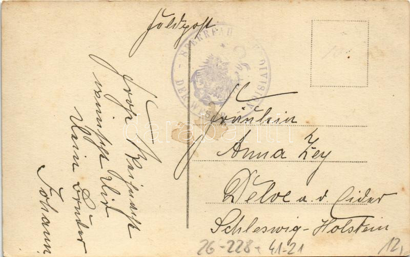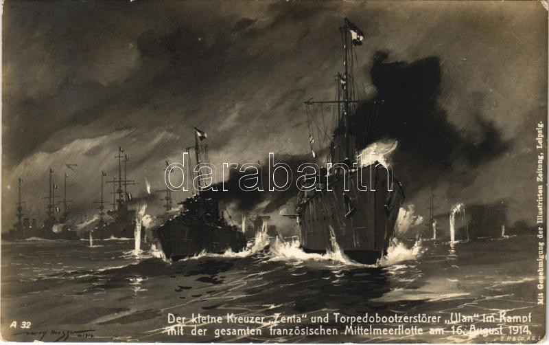 Der kleine Kreuzer "Zenta" und Torpedobootzerstörer "Ulan" im Kampf mit der gesamten französischen Mittelmeerflotte am 16. August 1914. / Osztrák-Magyar Haditengerészet "Zenta" védett cirkálója és az "Ulan" torpedóromboló (Zerstörer) harca a francia mediterrán flottával / WWI Austro-Hungarian Navy art postcard, K.u.K. Kriegsmarine, SMS Zenta protected cruiser and SMS Ulan torpedo destroyer againts the French Mediterranean Fleet s: Harry Heusser (fl)
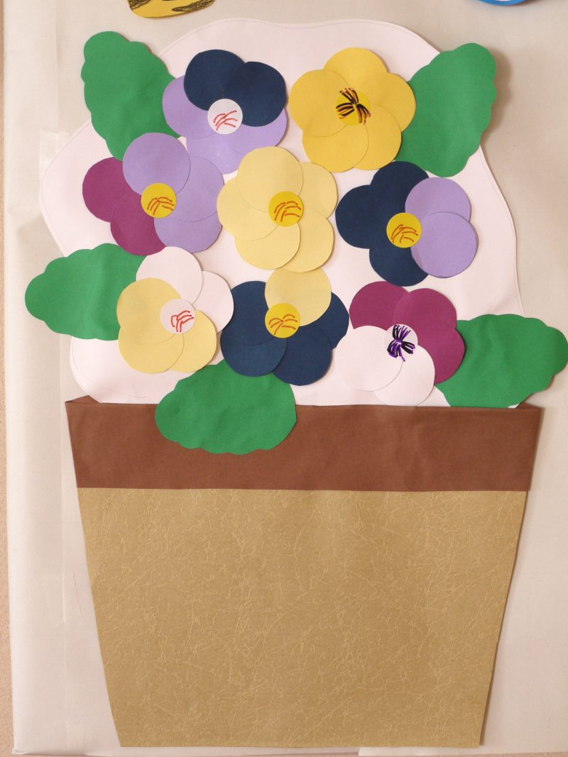 パンジーの花は、画用紙を丸○にカットし、重ねながらのりづけをして、
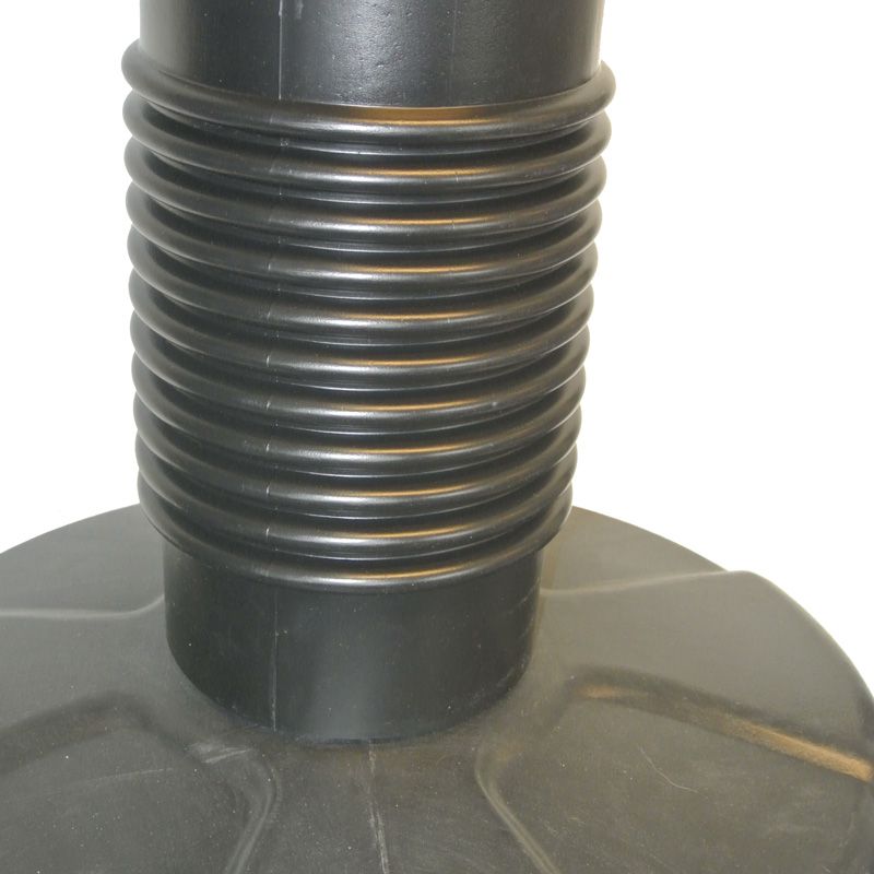 Het verbindingsstuk tussen onder- en bovenzijde veert licht mee, waardoor de geluidsreductie optimaal is. De voet zal hierdoor nog vaster op de grond blijven staan. De voet van de bokspop is te vullen met zand, water of grind, waardoor die een gewicht heeft van +/- 100kg!
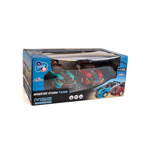 Desc. Técnica: Carros de rally radiocontrolo Rally Storm Twin Doble, escala 1:26, frequências 27 e 40 GHz. Funcionam com 3 pilhas AA no carro e 2 pilhas AA no comando, não incluídas.
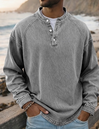 Voor heren T-shirt Henley-shirt Overhemd van 100% katoen met zure wassing Lange mouw Effen Kleur Effen Vintage Streetwear Casual Puur gewassen Raglan mouwen Opstaand Henley Casual Huis Straat Lente
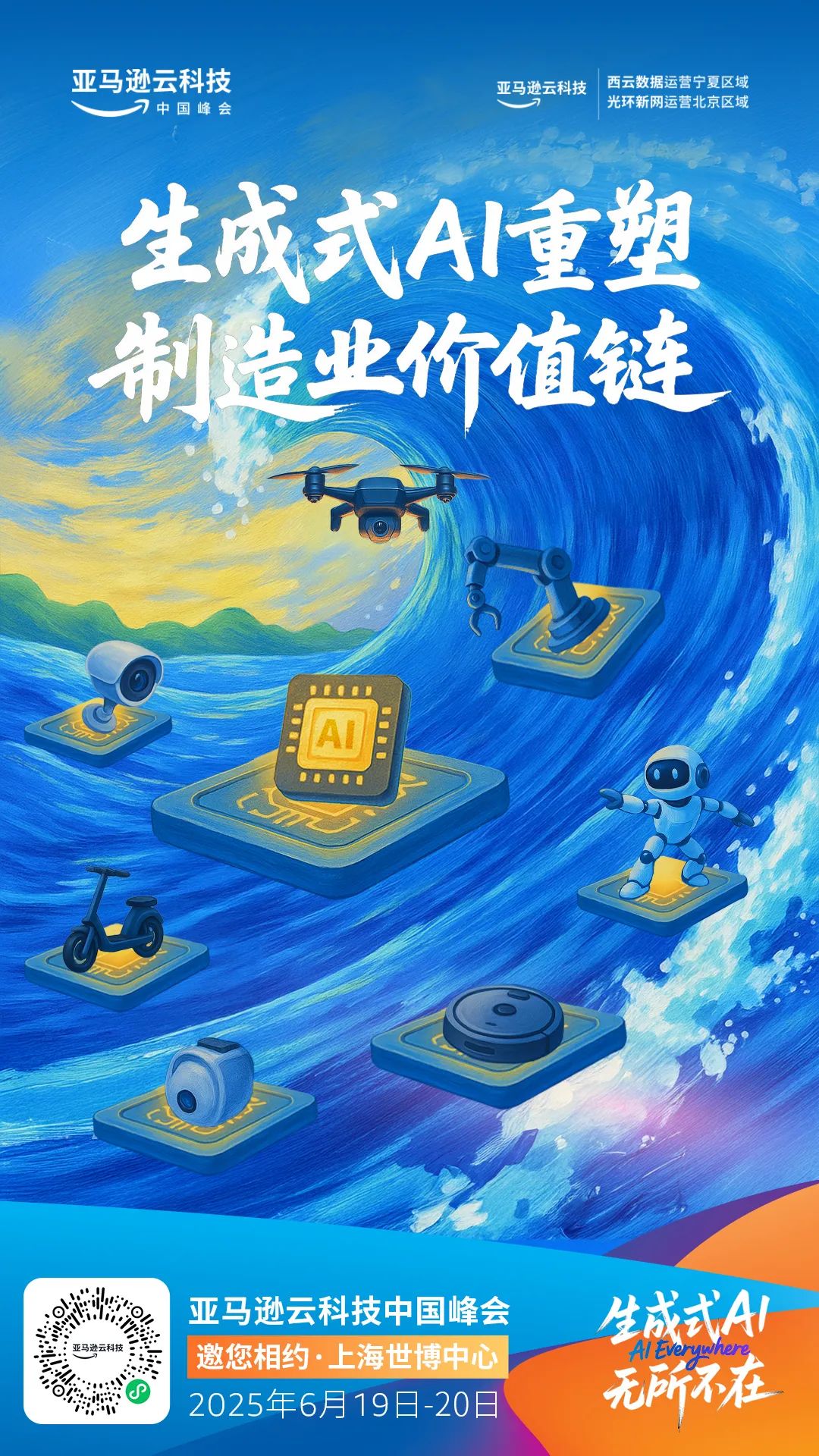 6月19日,2025年亚马逊云科技中国峰会·制造业专场将在上海盛大开启,围绕“生成式AI重塑制造业价值链”这一核心议题,携手行业领先企业、行业合作伙伴,通过互动演示、论坛和展位剧场,共同探索生成式AI如何重塑“研、产、供、销、服”价值链。
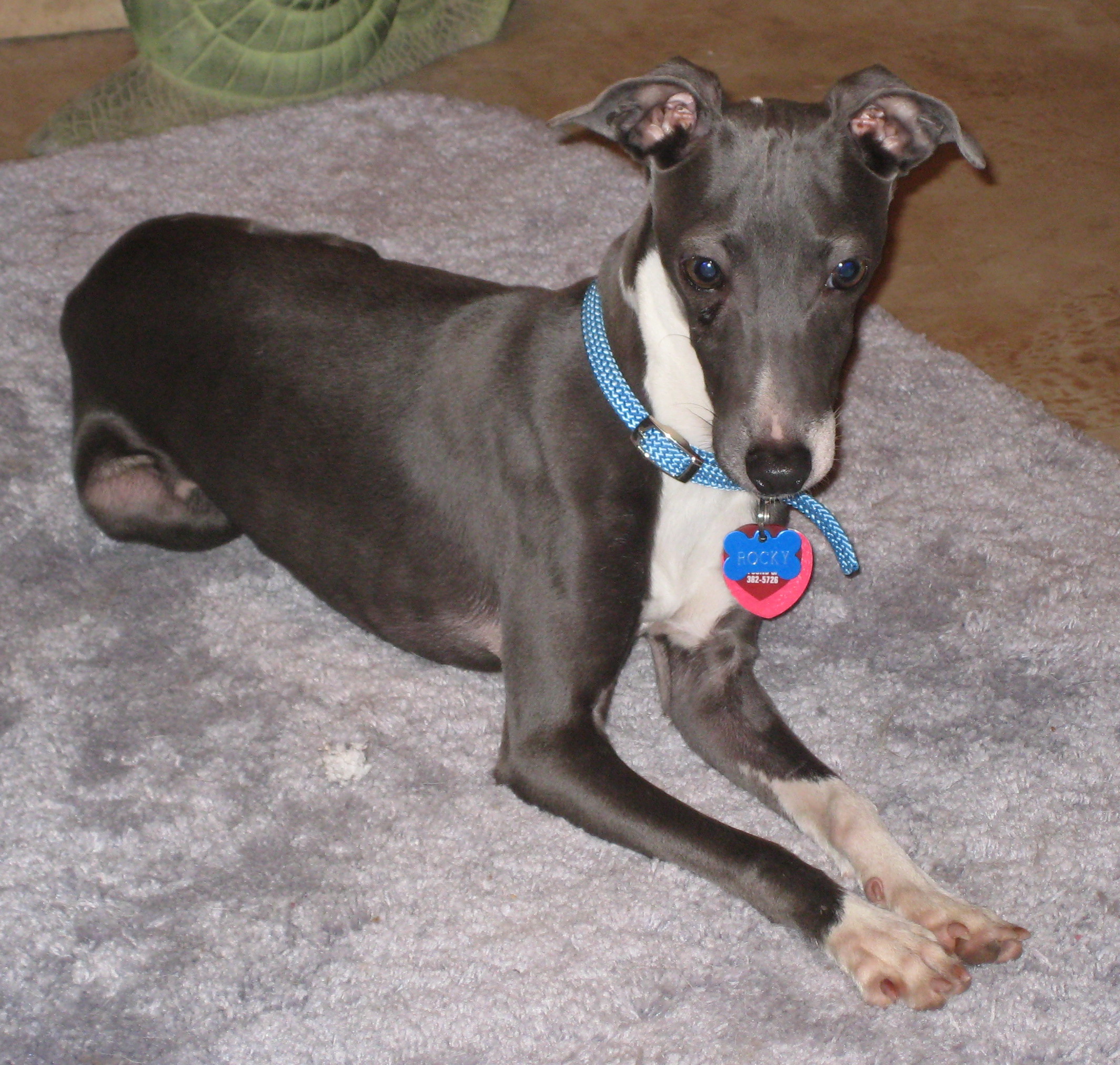 So ... without further ado .... meet Rocky! He is the poster child for the "No Puppy Mill/Pet Store Puppies!" campaign, with his buck teeth and crooked tail. Poor guy. He is also morbidly afraid of men, completely not house trained at seven months old, and was intact.
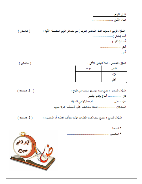 بالصور اختبار الشهر الثاني لمادة اللغة العربية الصف السادس الفصل الثاني نموذج 9

________________________________________

The listing above must be printed again exactly, minus its pictures.

__Answer area__
 Der kleine Kreuzer "Zenta" und Torpedobootzerstörer "Ulan" im Kampf mit der gesamten französischen Mittelmeerflotte am 16. August 1914. / Osztrák-Magyar Haditengerészet "Zenta" védett cirkálója és az "Ulan" torpedóromboló (Zerstörer) harca a francia mediterrán flottával / WWI Austro-Hungarian Navy art postcard, K.u.K. Kriegsmarine, SMS Zenta protected cruiser and SMS Ulan torpedo destroyer againts the French Mediterranean Fleet s: Harry Heusser (fl)
 パンジーの花は、画用紙を丸○にカットし、重ねながらのりづけをして、
 Het verbindingsstuk tussen onder- en bovenzijde veert licht mee, waardoor de geluidsreductie optimaal is. De voet zal hierdoor nog vaster op de grond blijven staan. De voet van de bokspop is te vullen met zand, water of grind, waardoor die een gewicht heeft van +/- 100kg!
 Desc. Técnica: Carros de rally radiocontrolo Rally Storm Twin Doble, escala 1:26, frequências 27 e 40 GHz. Funcionam com 3 pilhas AA no carro e 2 pilhas AA no comando, não incluídas.
 Voor heren T-shirt Henley-shirt Overhemd van 100% katoen met zure wassing Lange mouw Effen Kleur Effen Vintage Streetwear Casual Puur gewassen Raglan mouwen Opstaand Henley Casual Huis Straat Lente
 6月19日,2025年亚马逊云科技中国峰会·制造业专场将在上海盛大开启,围绕“生成式AI重塑制造业价值链”这一核心议题,携手行业领先企业、行业合作伙伴,通过互动演示、论坛和展位剧场,共同探索生成式AI如何重塑“研、产、供、销、服”价值链。
 So ... without further ado .... meet Rocky! He is the poster child for the "No Puppy Mill/Pet Store Puppies!" campaign, with his buck teeth and crooked tail. Poor guy. He is also morbidly afraid of men, completely not house trained at seven months old, and was intact.
 بالصور اختبار الشهر الثاني لمادة اللغة العربية الصف السادس الفصل الثاني نموذج 9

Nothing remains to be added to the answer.